EA has also worked with AMD to develop “Mantle”, a new competitor to Microsoft’s DirectX that can potentially run on Linux Systems. Battlefield 4 will be the first game to run Mantle after a December update. Although I am unaware of the specifics, Mantle is a low-level API that can run much faster than either DirectX or OpenGL. These new games can potentially mean more users of Linux, and that can mean more programs will be ported/written in Linux!
7. What a nice guy!
Although Linux and Ubuntu are open source, Ubuntu is backed by Isle-of-Man based company Canonical. Besides being the first man to enter space via a commercial flight, Mark Shuttleworth heads Canonical. Besides backing Ubuntu, Canonical maintains and promotes various open source projects, such as Juju, Launchpad, and more. Supporting Ubuntu and Canonical also helps support open-source software development and distribution.
8. Next time on: I didn’t know that was Linux.
Although I am aware that Ubuntu does not equal Linux, but Ubuntu is rather a flavor of Linux, I don’t want people to shy away just because Ubuntu is a form of Linux. If you’ve used or know of the following, chances are you have encountered Linux.

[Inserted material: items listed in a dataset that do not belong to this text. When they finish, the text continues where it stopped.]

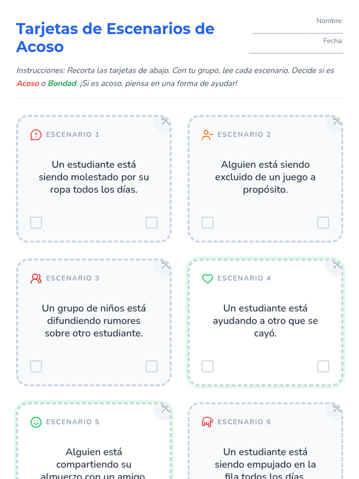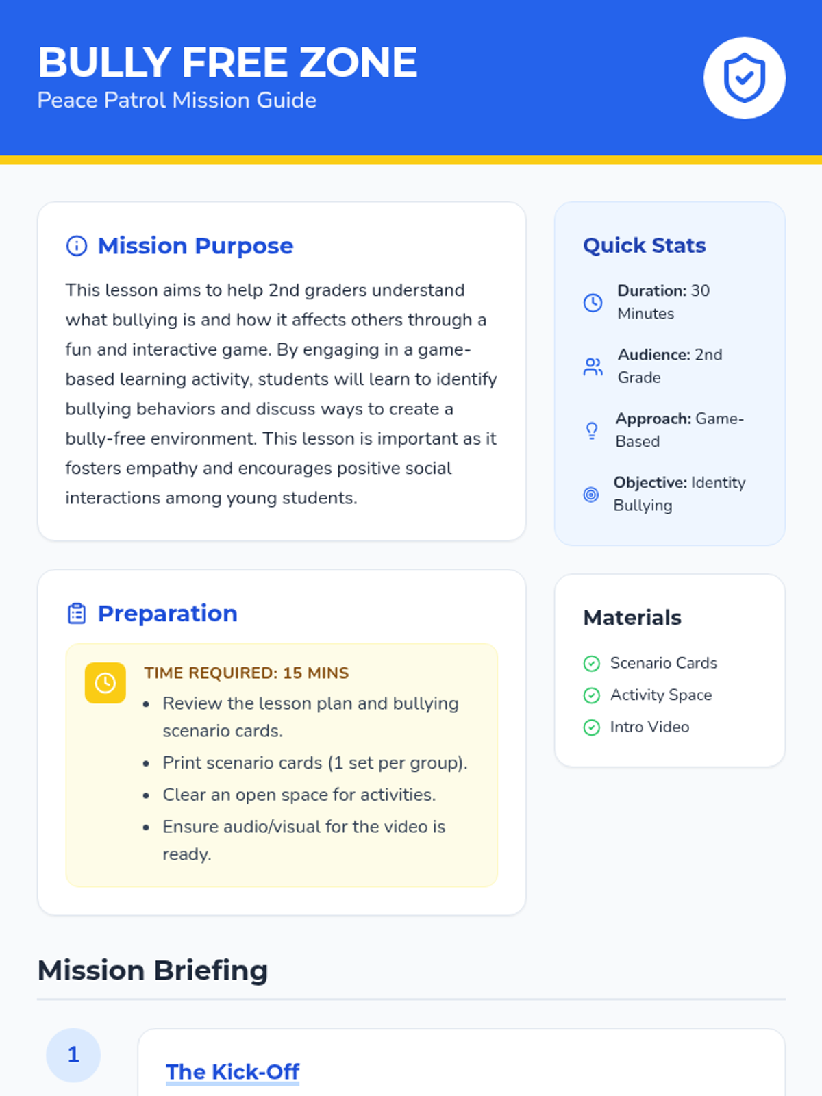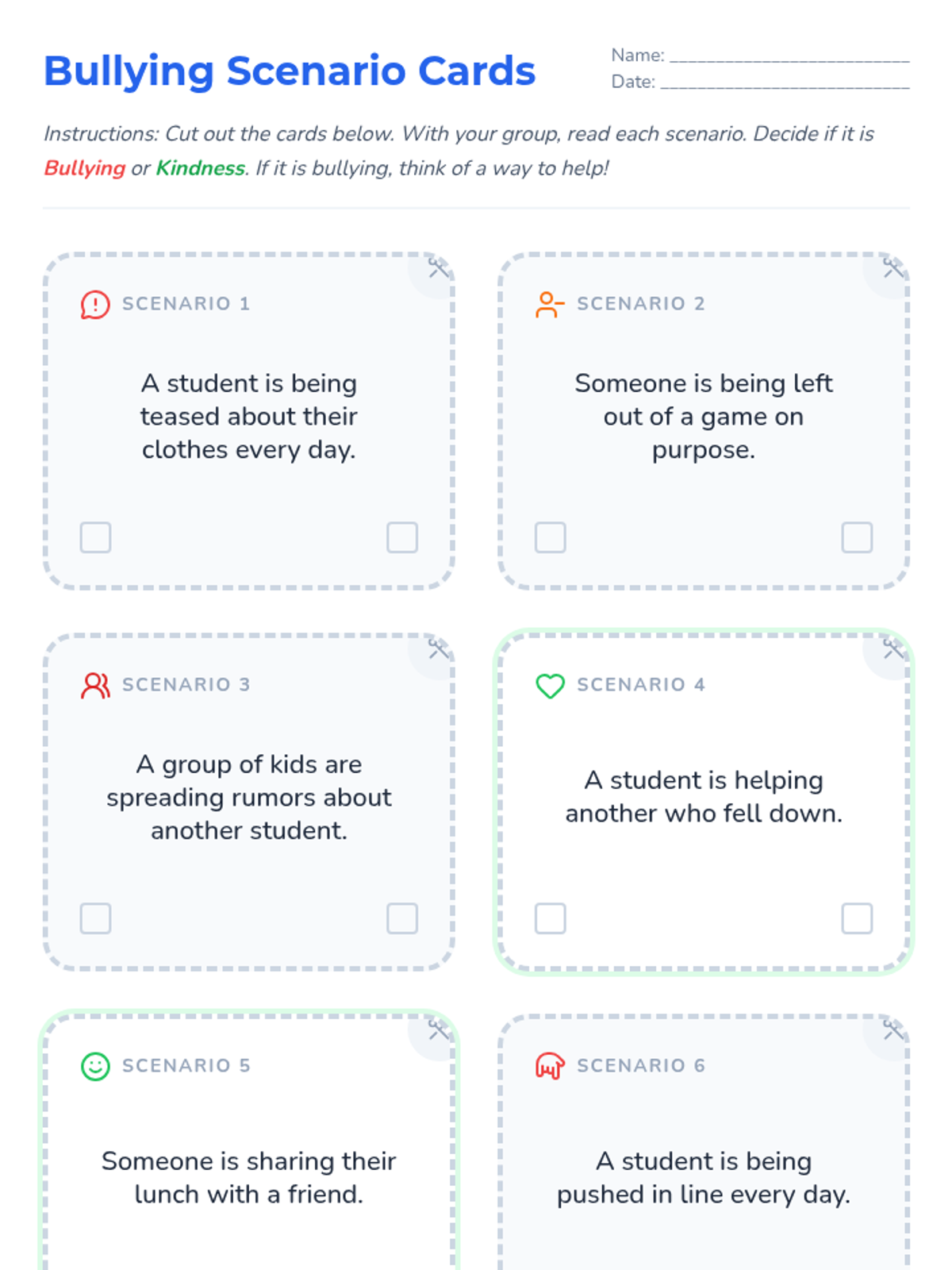 A game-based lesson for 2nd graders to identify bullying behaviors and brainstorm positive solutions to create a supportive classroom environment.
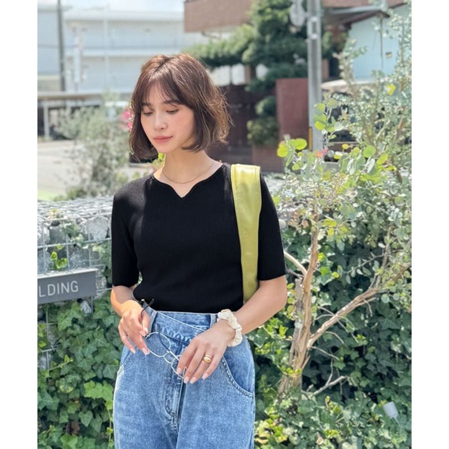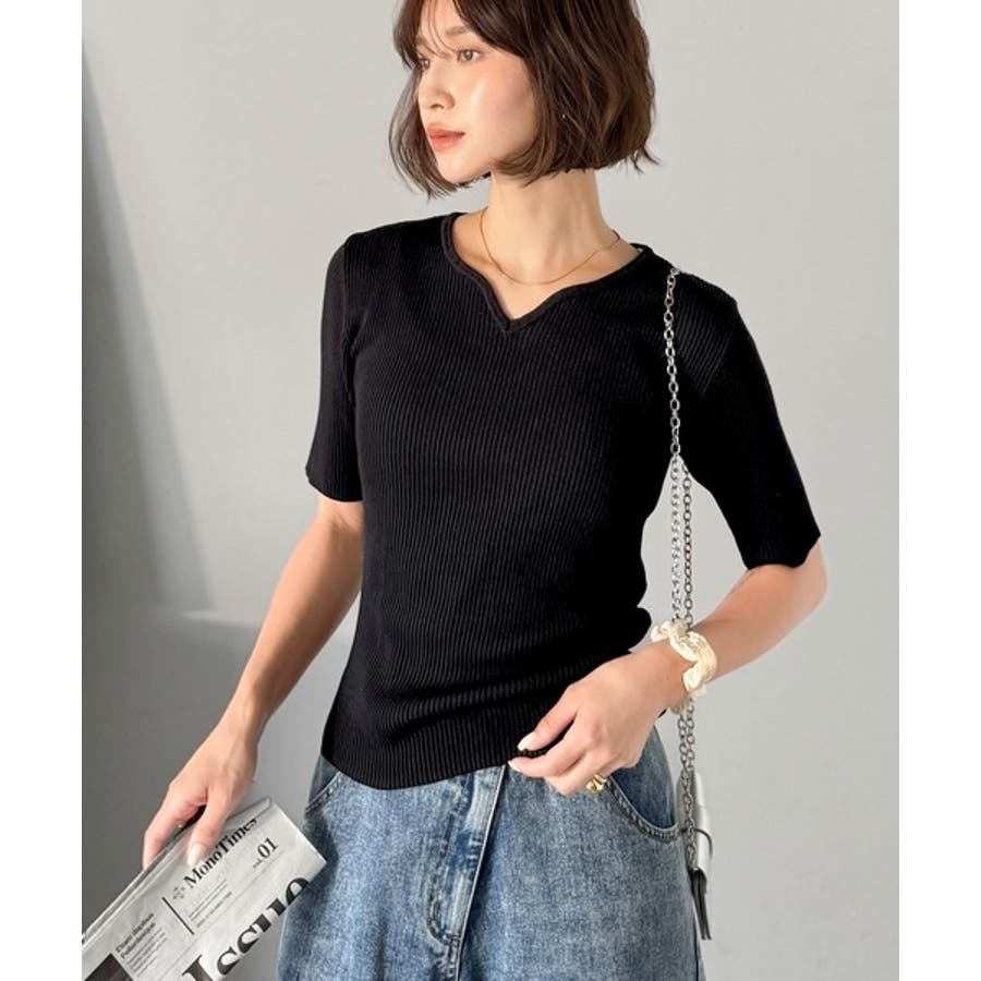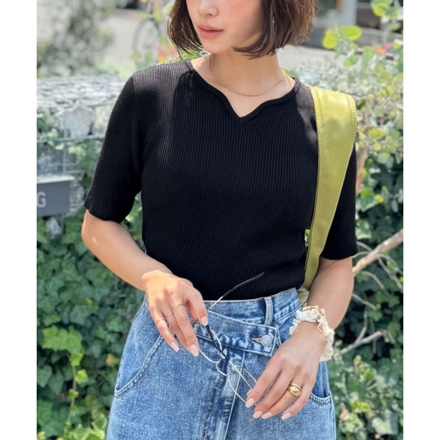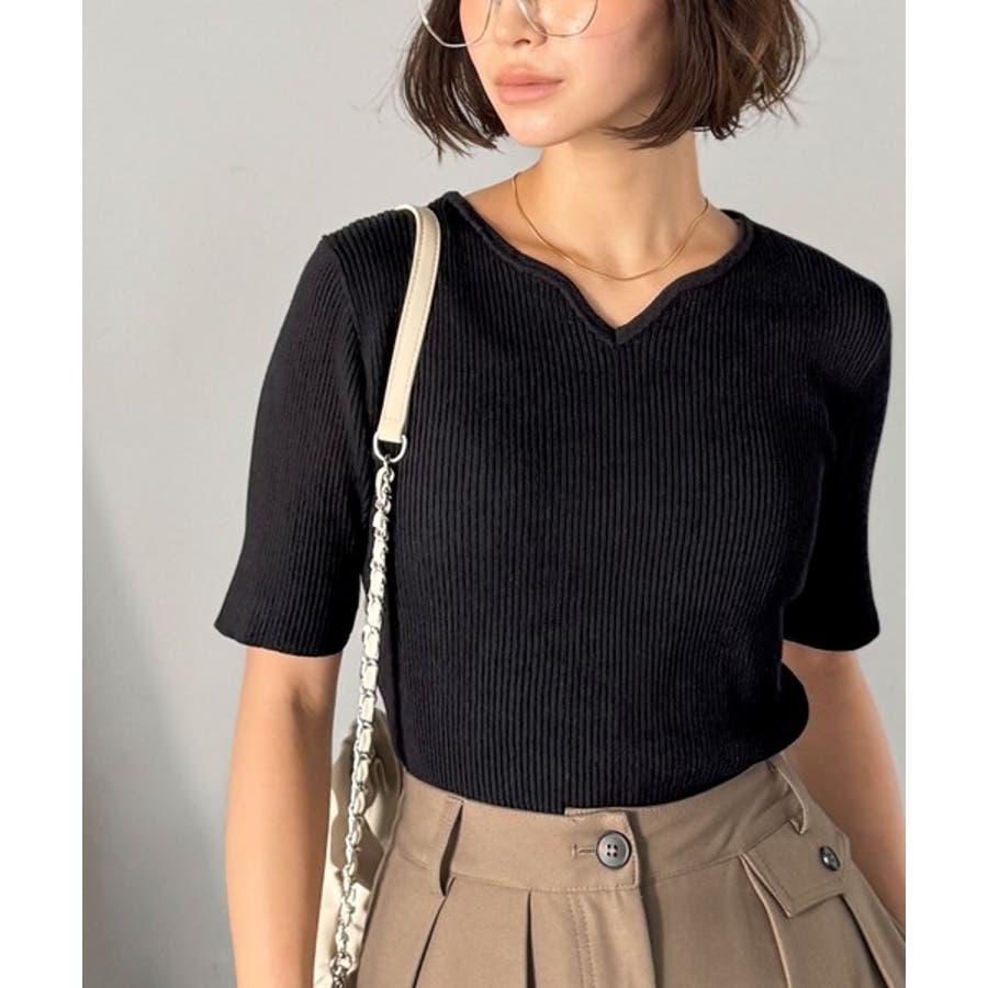緩やかにカーブを描いたネックラインが女性らしさを引き立てる、半袖のリブニットプルオーバー。
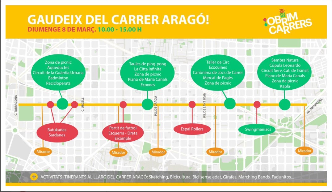 - Aragó: (tram entre Avinguda Meridiana i carrer Tarragona). El tall viari s’iniciarà a les 7:00 hores i durarà fins a les 17:00 hores i les activitats ciutadanes tindran lloc entre les 10:00 i les 15:00 hores. En total s’han programat una trentena d’iniciatives. Hi haurà activitats fixes (zones de pícnic, pistes de bàdminton, taules de ping pong, un piano on els ciutadans podran tocar, taller de circ, jocs al carrer, música); activitats ciutadanes en horaris concrets (batukades, sardanes, partit de futbol entre veïns de la Dreta i de l’Esquerra de l’Eixample, espai Rollers, swing); activitats itinerants (espectacles de carrer, martxing bands, bicis sense edat o recorreguts ciclistes per alguns dels edificis més emblemàtics del carrer Aragó).
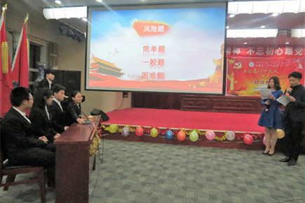 本次競(jìng)賽分為必答題、搶答題、風(fēng)險(xiǎn)題三個(gè)環(huán)節(jié),題庫(kù)準(zhǔn)備了1000道考題,內(nèi)容涵蓋了十九大、新黨章黨規(guī)黨紀(jì)、習(xí)近平系列重要講話等相關(guān)知識(shí)點(diǎn)。各代表隊(duì)參賽選手使出渾身解數(shù),冷靜作答,密切配合,氣氛活躍而緊張,上演了一場(chǎng)精彩紛呈的黨建文化盛宴。競(jìng)賽現(xiàn)場(chǎng)精彩紛呈,高潮迭起,選手們既有毫不猶豫的快速回答,也有充分商討后的沉著應(yīng)答,展現(xiàn)了他們豐富的知識(shí)積累和敏捷的思辨能力。在工作人員統(tǒng)計(jì)分?jǐn)?shù)的間隙,主持人與現(xiàn)場(chǎng)學(xué)生進(jìn)行了互動(dòng),把難度較大的風(fēng)險(xiǎn)題拋給大家搶答,有7位同學(xué)獲得了現(xiàn)場(chǎng)搶答獎(jiǎng)勵(lì)——《習(xí)近平系列重要講話讀本》。
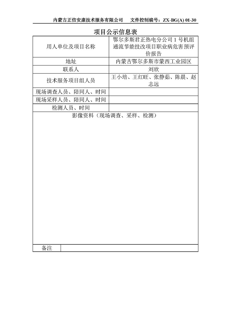 鄂爾多斯君正熱電分公司1號(hào)機(jī)組通流節(jié)能技改項(xiàng)目職業(yè)病危害預(yù)評價(jià)
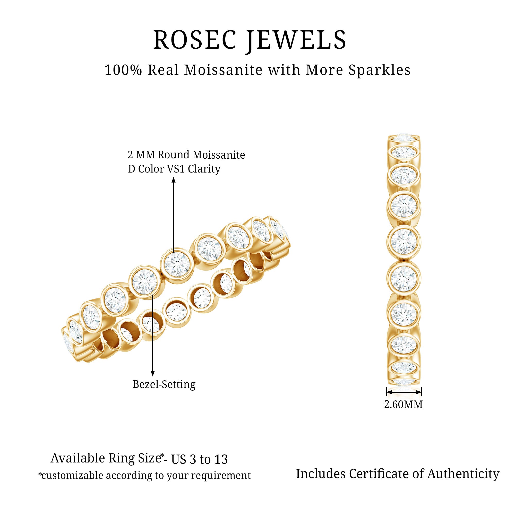 Never-ending sparkle meets timeless meaning in this beautifully crafted Moissanite Eternity Ring. Designed with a continuous circle of round brilliant cut moissanite stones set in bezel setting, the Full Eternity Ring symbolizes forever love, unity, and unbreakable bonds. Each moissanite shines with D Color and VS1 clarity, giving the band a glowing, eye-catching look from every angle. The bezel setting not only enhances the shine but also adds a secure and modern touch to the design. Whether worn alone for a minimalist feel or stacked with other rings, this Moissanite Stackable Ring offers a refined and elegant look. Perfect for someone who enjoys classic beauty with a sleek twist, it brings together simplicity, style, and symbolism in one thoughtful piece. Ideal for weddings, anniversaries, birthdays, or just because, it marks life’s special moments with elegance and love. Crafted with care and built for comfort, this Moissanite Wedding Band is available in US ring sizes 3 to 13 to ensure a perfect fit. Delivered in a luxury jewelry box, ready to be gifted or kept as a personal treasure.
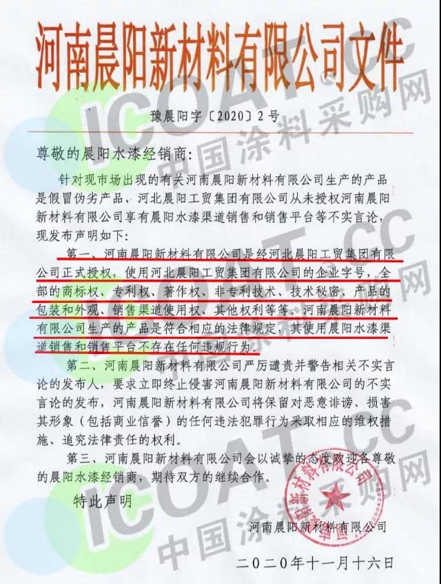 近日,河南晨陽新材料有限公司發(fā)布豫晨陽字[2020]2號(hào)文件稱,對(duì)于此前市場出現(xiàn)的其生產(chǎn)假冒偽劣產(chǎn)品及與河北晨陽工貿(mào)集團(tuán)有限公司之間的關(guān)系等言論發(fā)布聲明:河南晨陽新材料有限公司是經(jīng)河北晨陽工貿(mào)集團(tuán)有限公司正式授權(quán),使用河北晨陽工貿(mào)集團(tuán)有限公司的企業(yè)字號(hào),全部的商標(biāo)權(quán)、專利權(quán)、著作權(quán)、非專利技術(shù)、技術(shù)秘密、產(chǎn)品的包裝和外觀、銷售渠道使用權(quán)、其他權(quán)利等等。河南晨陽新材料有限公司生產(chǎn)的產(chǎn)品是符合相應(yīng)的法律規(guī)定,其使用晨陽水漆渠道銷售和銷售平臺(tái)不存在任何違規(guī)行為。
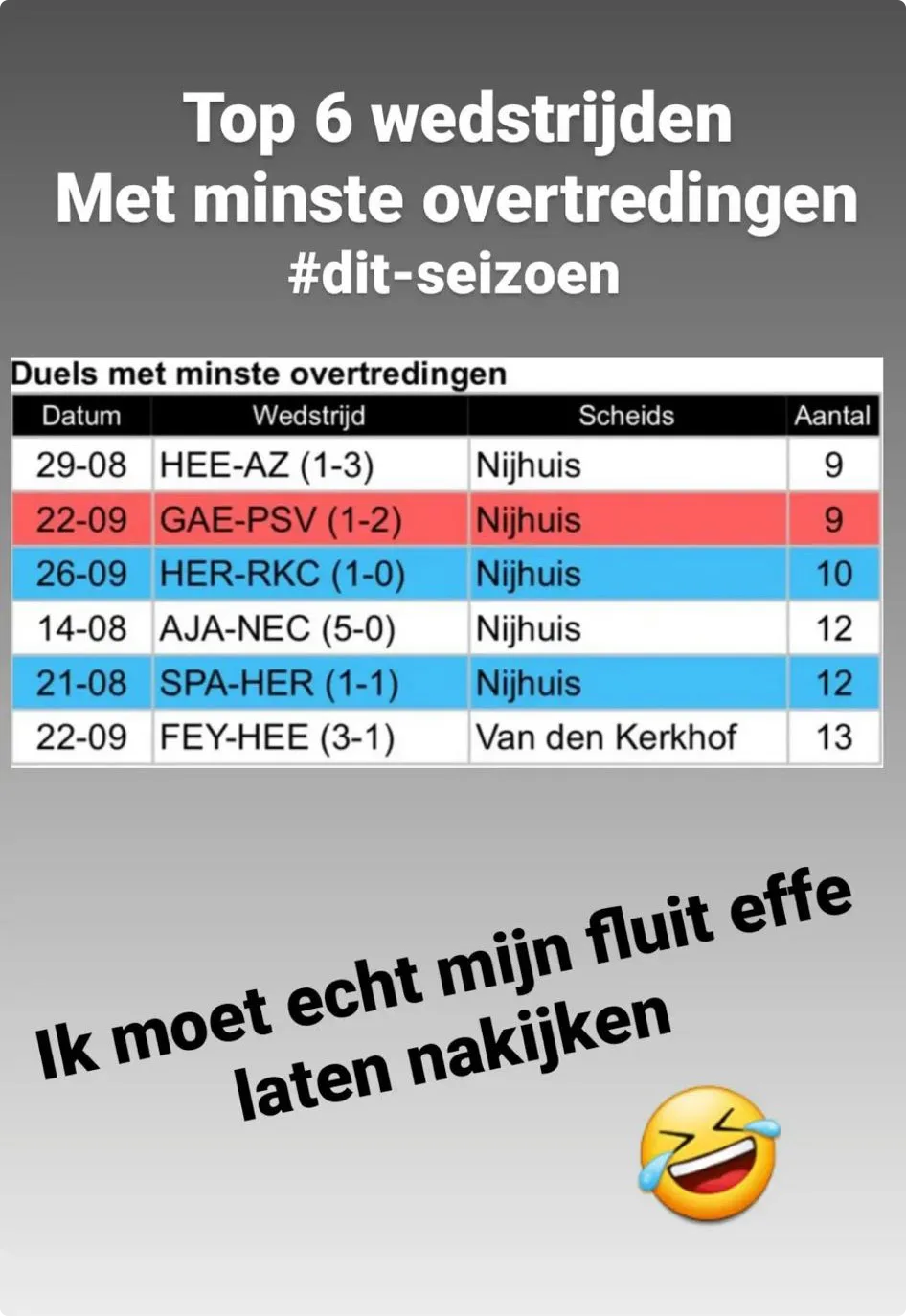 Bas Nijhuis staat bekend om zijn liberale stijl van fluiten, tot tevredenheid van velen. De scheidsrechter legt het spel dan ook niet vaak stil. Dit is ook duidelijk te zien in de statistieken van minste overtredingen per wedstrijd, aangezien hij zelf de top 5 inneemt. In 2 wedstrijden maakte hij het wel erg bont: hij gebruikte zijn fluit slechts 9 keer in een wedstrijd. Op Instagram reageert hij zelf ook het opvallende klassement.

Wasn’t so scary, right?
Everything here is powered by Linux.
- All Android Phones (Including Samsung Galaxy, HTC1, etc.)
- DVR Devices, like TiVo
- Google and Facebook (Like most companies use Linux servers.)
- The New York Stock Exchange
- Air-Traffic Control
- 90% if the worlds supercomputers
- Soon - the Ubuntu Phone
(Source for many of the above facts.)
I’ve tried to get all the facts straight and source, but if I’ve told a lie, I apologize and ask you to correct my mistake!
Also, I’m in no way affiliated with Canonical or the Linux foundation, I just really like the OS!